Many thanks to the reviewers who provided input and improved the draft: Richard Baron, Cynthia Elliott, Taryn Fransen, Bernd Hackman, Kelly Levin, Siddharth Pathak, Clea Schumer, Henri Waisman, Yamide Dagnet and David Waskow. Special thanks also to the communications, editorial, and design team: Beth Elliott, Rocio Lower, Lawrence MacDonald, Emily Matthews, Romain Warnault, and Debby Zabarenko.

Endnotes

1 Several initiatives are supporting countries I the transition to net-zero emissions. For example, the Climate Ambition Alliance, launched at the UN Climate Action Summit in 2019, brings Parties together to accelerate the transition toward the Paris Agreement goals, including by developing net-zero long-term strategies. The Race to Zero campaign is a related initiative, launched in early 2020, to spur regions, cities, and businesses to adopt net-zero goals.
2 These recommendations are based on work done over the last four years under the Long-term Strategies Project.
3 The Paris Agreement introduces a global stocktake to “assess the collective progress towards achieving the purpose of this Agreement and its long-term goals” (Article 14.1).
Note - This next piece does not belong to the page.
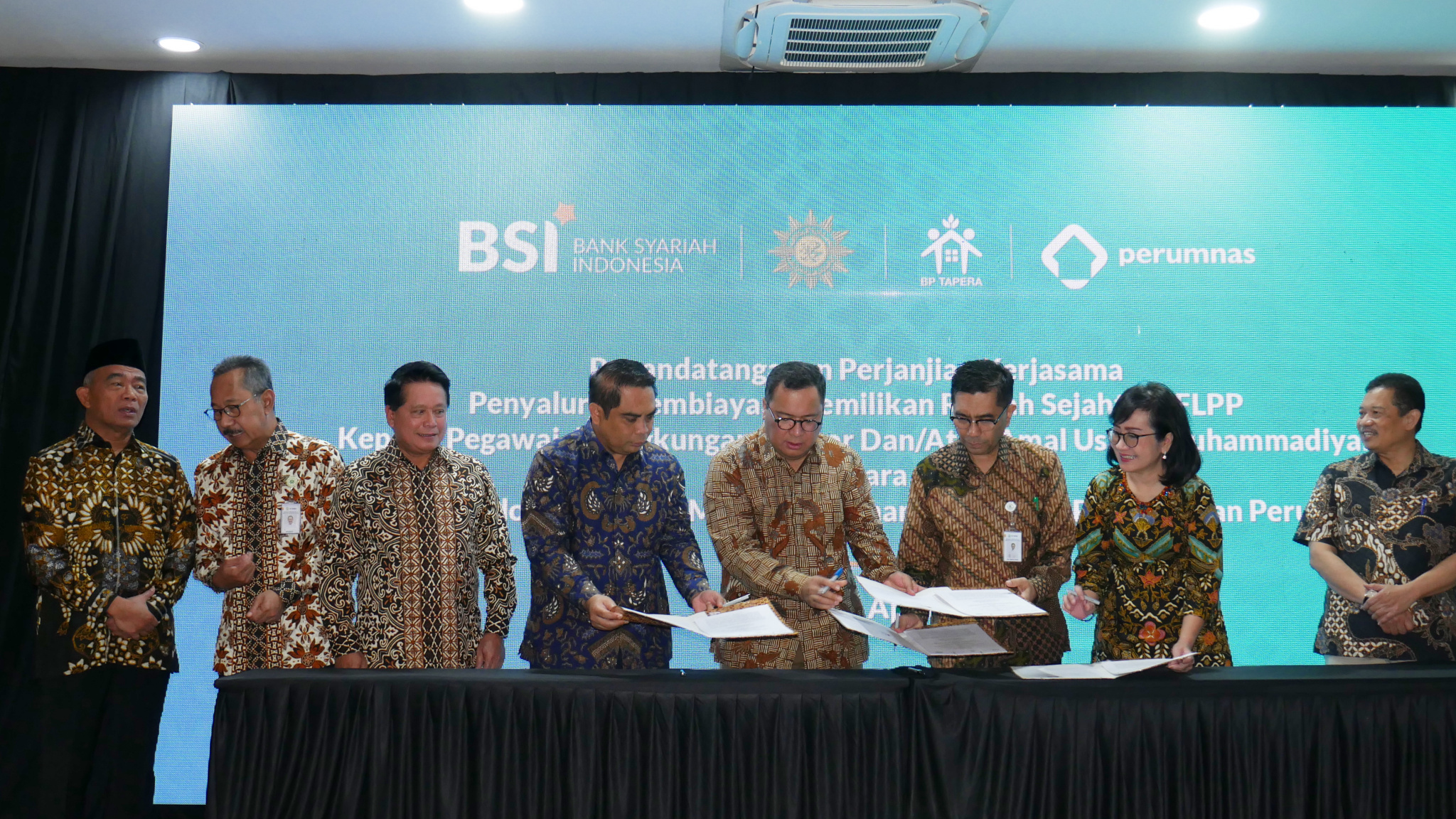 PT Bank Syariah Indonesia Tbk (BSI), PP Muhammadiyah, Badan Pengelola Tabungan Perumahan Rakyat (BP Tapera), dan Perum Pembangunan Perumahan Nasional (Perumnas) menjalin kerja sama penyaluran pembiayaan kepemilikan rumah bersubsidi KPR Sejahtera FLPP kepada pegawai di lingkungan Amal Usaha Muhammadiyah.
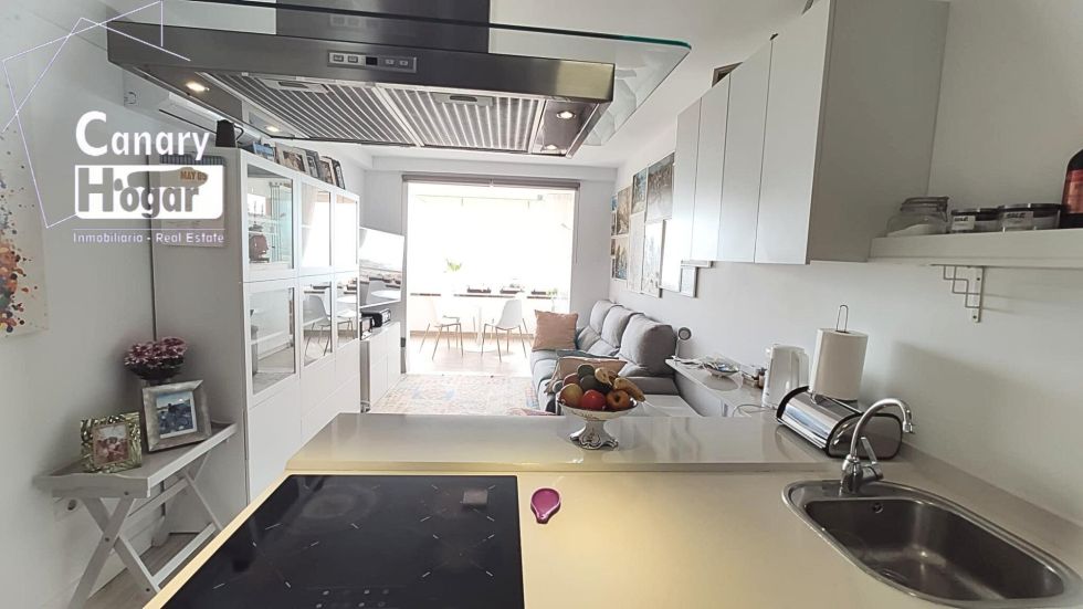 Luxurious and very bright flat in the complex The Sunset in Torviscas Alto with panoramic views to the ocean, mountains, island of La Gomera and swimming pool. The flat consists of an entrance hall, on the right hand side there is a bathroom with shower and window. Passing the hallway is the living room with open plan kitchen and direct access to the covered terrace with panoramic views. On the left side of the corridor there is a bathroom with shower, and two bedrooms, one of which has direct access to the covered terrace. Total area of the flat is 75m2. The flat is completely renovated. There is air conditioning in all rooms. The price also includes a closed garage of 21m2. The complex has lifts, security cameras, very well kept gardens, in the lower part of the complex there are two swimming pools, one of them for children, in the upper part there is a huge heated swimming pool. This flat is perfect for living or for investment.~

4 Decision 19/CMA.1, paragraph 36(a)
5 The preamble in the Paris Agreement takes into account “the imperative of a just transition of the workforce and the creation of decent work and quality jobs, in accordance with nationally defined development priorities.” The topic of just transition receives attention through the Marrakech Partnership’s “Working Group on Just Transition and Decent Work.” The Working Group was created under the Fiji Presidency of COP23 with the “mandate to share examples and good practices on how the Paris Agreement can be implemented on the ground while promoting green jobs that are good for people, good for the environment and good for the economy.” At COP24, some leaders and Parties endorsed the Silesia Declaration, which explicitly encourages Parties to take into consideration “the issue of just transition of the workforce and the creation of decent work and quality jobs while preparing…national long-term low greenhouse gas emissions development strategies.”